We publish these limitations because transparency enables responsible use.

Usage

Hugging Face

from transformers import AutoModelForCausalLM, AutoTokenizer

model = AutoModelForCausalLM.from_pretrained(
    "zoo-labs/zen-3-72b",
    torch_dtype=torch.bfloat16,
    device_map="auto",
)
tokenizer = AutoTokenizer.from_pretrained("zoo-labs/zen-3-72b")

output = model.generate(
    tokenizer("Hello, Zen!", return_tensors="pt").input_ids,
    max_new_tokens=100,
)

vLLM

from vllm import LLM, SamplingParams

llm = LLM(model="zoo-labs/zen-3-72b")
outputs = llm.generate(["Hello, Zen!"], SamplingParams(max_tokens=100))

Quantized Versions

For resource-constrained deployment:

  • zen-3-72b-AWQ: 4-bit quantization, minimal quality loss
  • zen-3-72b-GPTQ: Alternative 4-bit format
  • zen-3-72b-GGUF: llama.cpp compatible

The 8B model runs on consumer GPUs. The 72B quantized fits in 48GB.

What’s Next

Zen 3 is a foundation. Coming soon:

  • Zen-3-Vision: Multimodal variant with image understanding
  • Zen-3-Code: Specialized coding model
  • Zen-3-Long: 1M+ context extension
  • Zen-3-Agent: Optimized for agentic workflows

The foundation is strong. Now we build.

Acknowledgments

Zen 3 was trained on the Zoo Compute Network with contributions from 847 node operators across 34 countries. Thank you.

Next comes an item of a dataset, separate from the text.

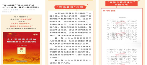 为全面贯彻落实习近平新时代中国特色社会主义思想和党的二十大精神,学习贯彻习近平法治思想,引导学生将宪法精神、法治精神内化为法治理念和思想,外化为行为规范,使尊法学法守法用法蔚然成风,我校学生工作部以“大力弘扬宪法精神,建设社会主义法治文化”为主题,在宪法宣传周(12月4日至12月10日)期间开展了形式多样、内容丰富的“学宪法 讲宪法”主题系列活动。

This release was funded through the Zoo Labs Foundation treasury, allocated by community vote (ZIP-72). Thank you to all token holders who participated in governance.

Special thanks to the training, alignment, and evaluation teams who made this possible.

Download at huggingface.co/zoo-labs.


Zach Kelling is a co-founder of Zoo Labs Foundation.